A modeling framework and benchmark for end-of-life automotive traction battery pack forecasting

Abstract

To meet climate targets, it is essential to establish a closed-loop system for the critical raw materials used in lithium-ion batteries, necessitating robust planning and forecasting methods for end-of-life battery volumes. Recycling end-of-life automotive batteries is crucial for establishing sustainable circulating flows of raw materials to reduce the use of virgin resources, particularly in the context of electromobility and energy storage. An accurate forecast of the availability of end-of-life automotive batteries for recycling is essential to determine the timing and the business potential of end-of-life battery treatment, driving the appropriate investments by policy makers and industry in battery recycling technologies and facilities. This paper presents a novel methodological framework incorporating multi-metric modeling with a distinct geographical focus and selected statistical approaches, collectively directed towards stakeholder-oriented end-of-life traction battery forecasts. We further benchmark the existing models based on the period under consideration, the geographical scope, the metrics employed, and the statistical techniques applied. This yields a novel recommendation framework for policy makers and industry to provide guidance on how to model end-of-life battery volumes.

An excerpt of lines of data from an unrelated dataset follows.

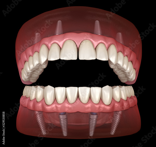 Maxillary and Mandibular prosthesis with gum All on 4 system supported by implants. Medically accurate 3D illustration of human teeth and dentures
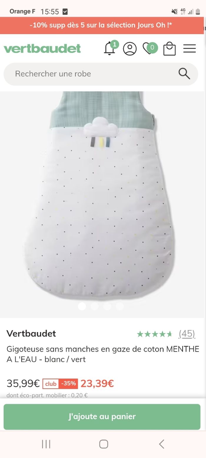 3 gigoteuses Verbaudet / 0-6 mois / gaze de coton / très bon état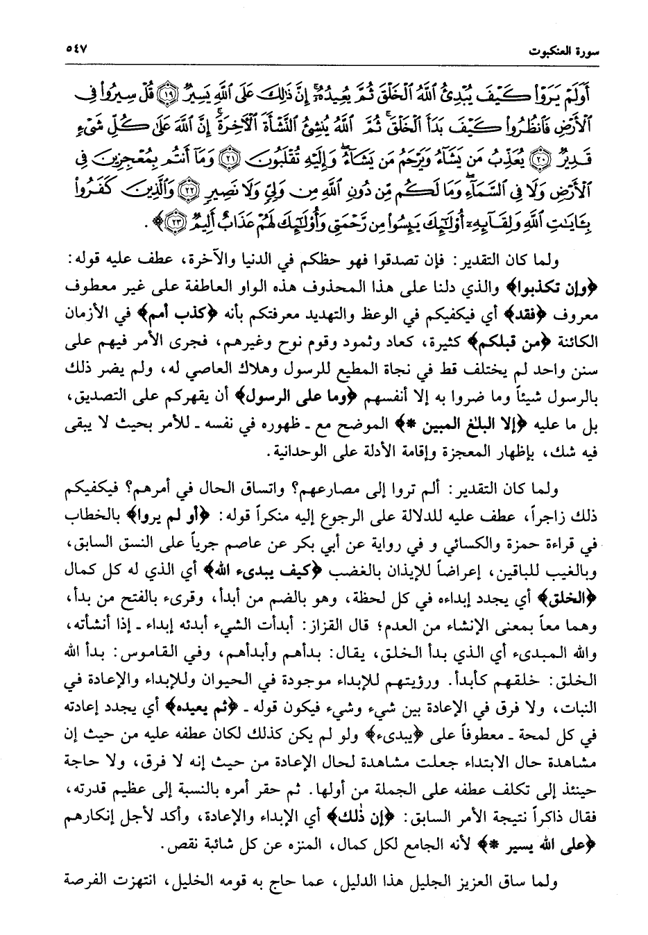 ) وَإِن تُكَذِّبُواْ فَقَدْ كَذَّبَ أُمَمٌ مِّن قَبْلِكُمْ وَمَا عَلَى الرَّسُولِ إِلاَّ الْبَلاَغُ الْمُبِينُ أَوَلَمْ يَرَوْاْ كَيْفَ يُبْدِيءُ اللَّهُ الْخَلْقَ ثُمَّ يُعِيدُهُ إِنَّ ذلِكَ عَلَى اللَّهِ يَسِيرٌ قُلْ سِيرُواْ فِي الأَرْضِ فَانظُرُواْ كَيْفَ بَدَأَ الْخَلْقَ ثُمَّ اللَّهُ يُنشِىءُ النَّشْأَةَ الآخِرَةَ إِنَّ اللَّهَ عَلَى كُلِّ شَيْءٍ قَدِيرٌ يُعَذِّبُ مَن يَشَآءُ وَيَرْحَمُ مَن يَشَآءُ وَإِلَيْهِ تُقْلَبُونَ وَمَآ أَنتُمْ بِمُعْجِزِينَ فِي الأَرْضِ وَلاَ فِي السَّمَآءِ وَمَا لَكُمْ مِّن دُونِ اللَّهِ مِن وَلِيٍّ وَلاَ نَصِيرٍ وَالَّذِينَ كَفَرُواْ بِآيَاتِ اللَّهِ وَلِقَآئِهِ أُوْلَئِكَ يَئِسُواْ مِن رَّحْمَتِي وَأُوْلَئِكَ لَهُمْ عَذَابٌ أَلِيمٌ ( ( )

The recommendation framework links the required modeling approaches with relevant stakeholders, such as car repair shops, disassemblers, recyclers, logistics companies, and policy makers. The framework is validated through a case study for end-of-life automotive battery forecasting. The objective of this study is therefore not only to support the ramp-up of the battery recycling industry with a synthesized forecasting framework, but also to provide precise recommendations to the different industries. The findings of our study yield the core conclusion that global modelings with sophisticated statistical approaches, such as the Weibull approach, should be employed across a range of stakeholder-oriented metrics, including weight, capacity, and the number of end-of-life electric vehicle batteries.